Perhaps a dozen or so posts have on top a box that emulates the style of an entry for a character in Kenneth G. Henshall’s 1988 book A guide to remembering Japanese characters. I have fond memories of using the book when I was studying Japanese, emulating it is just a bit of (hopefully harmless) fun.

Most visibly, I copy the layout and to some extend the usage of fonts. I also try to make the entries as short and to the point as those of Henshall (mostly) are. To a lesser extend I follow his writing style.

One feature of Henshall’s writing that I try to follow is his total lack of citations—but I cheated with that by adding footnotes. That is, in the text I follow Henshall style of not mentioning his source for some piece of information, but I will add the info in a footnote outside of the box.

Henshall states a lot of findings as if they are matters of fact, even when they are debatable. When even he can’t ignore that some finding might be questionable he might write something like “some scholars say” or “in the view of some scholars”, without ever mentioning them or their publications. I try to imitate that, but like I said, I will add a footnote to resolve the uncertainty.

Henshall writes the following about his sources in his acknowledgements:

In the research for this book I have been especially guided by the work of three of Japan's most highly regarded scholars in the field of kanji etymology, namely Tsunekata Kato, Katsumi Yamada, and Hideyuki Shindo. Those readers wishing to pursue further study of kanji are recommended to consult in particular their joint work Jigen Jiten (Etymological Dictionary of Kanji, Kadokawa, Tokyo, 2nd edition 1985), together with Katsumi Yamada's Kanji no Gogen (The Etymology of Kanji, Kadokawa, Tokyo, 1976).

I have a copy of the 1985 Jigen Jiten. I borrowed Katsumi Yamada’s Kanji no Gogen one time from the library, it looked very similar to Jigen Jiten. I find it hard to believe that Henshall didn’t use other sources as well, the information in Jigen Jiten is mostly very sparse.

Katō’s 1970 book kanji no kigen is very different. In it, frequently Katō reveals his reasoning and sometimes even his sources. I must assume that Henshall at least used that book as well, and probably other sources. So why didn’t he mention those in his acknowledgements?

I have some questions about the approach to analyzing characters that Henshall (following Katō and others) used, I will try to look at that later.

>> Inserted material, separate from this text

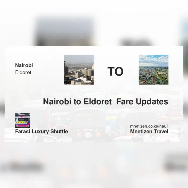 The fare from Nairobi to Eldoret with farasi Luxury Shuttle is ksh 1,400. Prices may vary during holidays and school terms.

While I try to follow Henshall’s writing style to some extend, I can’t help falling back to my clunky not native English, partly because I want to make sharp distinctions that Henshall perhaps glosses over a bit. In particular the distinction between words and their written representation. I might use ugly phrases like “the word 馬” and “the graph 馬” to make this clear.

Henshall’s entries are short. When I research a character I find lots of relevant or otherwise interesting information that doesn’t fit in the imitation box. That’s why I mostly continue below the box with “Verbose explanation and references”.